For this to work, it must be the case that the probability of a lead change at position n+1 increases with n. It does not do this; it seems safe to say that this probability is strictly decreasing in n. (If you ignore the even positions.)
¹ Where C(n,k) is the combination function, C(n,k) = n! / [k!(n-k)!]. As a special case, the probability of a lead change occurring at index 1 is 1.
I don’t understand this model. To my mind:
1. We have a prior estimate of the team’s quality, which is quantified as a winning “percentage” (permillage?) of 0.340.
2. We have a sample of performance from the team, with a realized winning percentage of 0.067.
3. We want to know what the realized winning percentage will be at the end of the season.
It seems crazy to model the answer to (3) as a linear combination of (1) and (2). That isn’t how winning percentages are calculated! I feel that additional steps must be necessary:
I. We have a prior estimate of the team’s quality;
II. We use a performance sample to adjust our estimate of the team’s quality;
III. We use that adjusted estimate to predict winning percentage over all, and only, the games that have yet to be played;
IV. We use the performance sample to predict winning percentage over the games that have already been played;
V. We combine (III) and (IV) to predict the overall winning percentage.

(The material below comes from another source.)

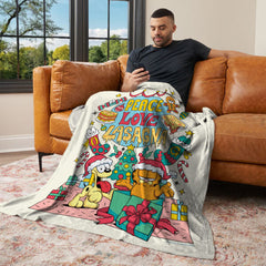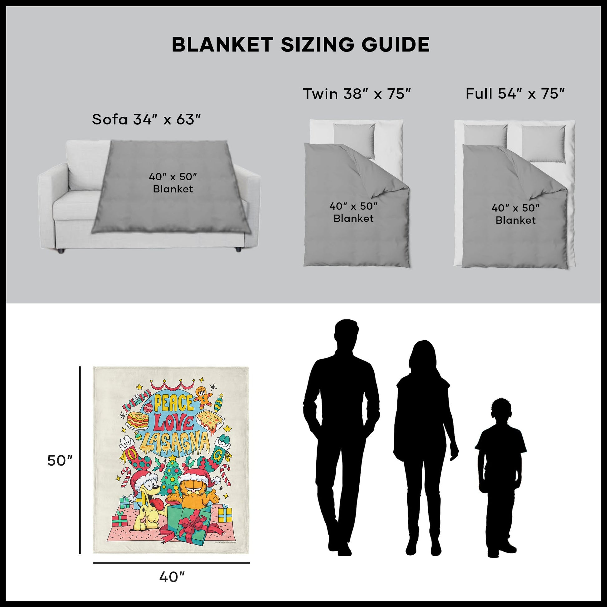 Relax in style with the Nickelodeon Garfield ¡°Peace Love Lasagna¡± Silk Touch Throw Blanket. This festive blanket showcases Garfield and Odie in a delightful holiday scene, complete with a scrumptious plate of lasagna, stockings, wrapped gifts, and a Christmas tree. Garfield's and Odie's goofy charm make this throw a playful addition to any holiday d¨¦cor. Made with a soft Silk Touch fabric, this blanket offers both warmth and comfort during the chilly winter months. The colorful design captures the spirit of the season, blending Garfield's love for lasagna with the joy of holiday traditions. It's perfect for curling up on the couch, adding a touch of humor and festivity to your space. Ideal for Garfield fans or anyone who loves a good laugh with their holiday cheer, this throw is a fun and functional gift. Its cozy feel and vibrant design make it a standout piece for cozy nights or holiday gatherings, combining the best of classic cartoon charm with seasonal fun.
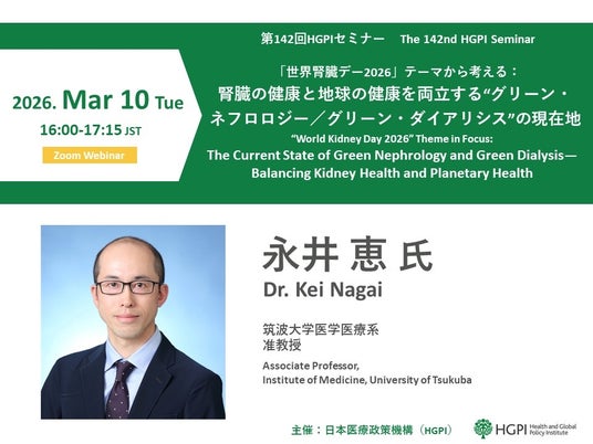 特定非営利活動法人 日本医療政策機構(HGPI: Health and Global Policy Institute)(所在地:東京都千代田区、代表理事:乗竹 亮治)は、2026年3月10日(火)に第142回HGPIセミナー「『世界腎臓デー2026』テーマから考える:腎臓の健康と地球の健康を両立する“グリーン・ネフロロジー/グリーン・ダイアリシス”の現在地」を開催します。

The performance sample feeds into our result in two very different ways. If we take the approach in the post, won’t our model be invalid for use on any team that isn’t “a little more than a third of the way through the season”?
I have an idea for making posts like this more accessible. You estimate a lot of equations, but only provide the *code* for estimating them, not the equations themselves. This would be difficult for someone unfamiliar with rstanarm or R to follow. I think adding the equations in the following style would make such posts much easier to understand:
A ~ N(B, σ_A).
B ~ N(C + D + E, σ_B)
σ_A ~ …
“ I have no idea whassup with Memphis. The quick generic answer is that the regression model is crude, and bettors have other information not included in the regression.”
Ja Morant missed the first 25 games of the season due to a suspension.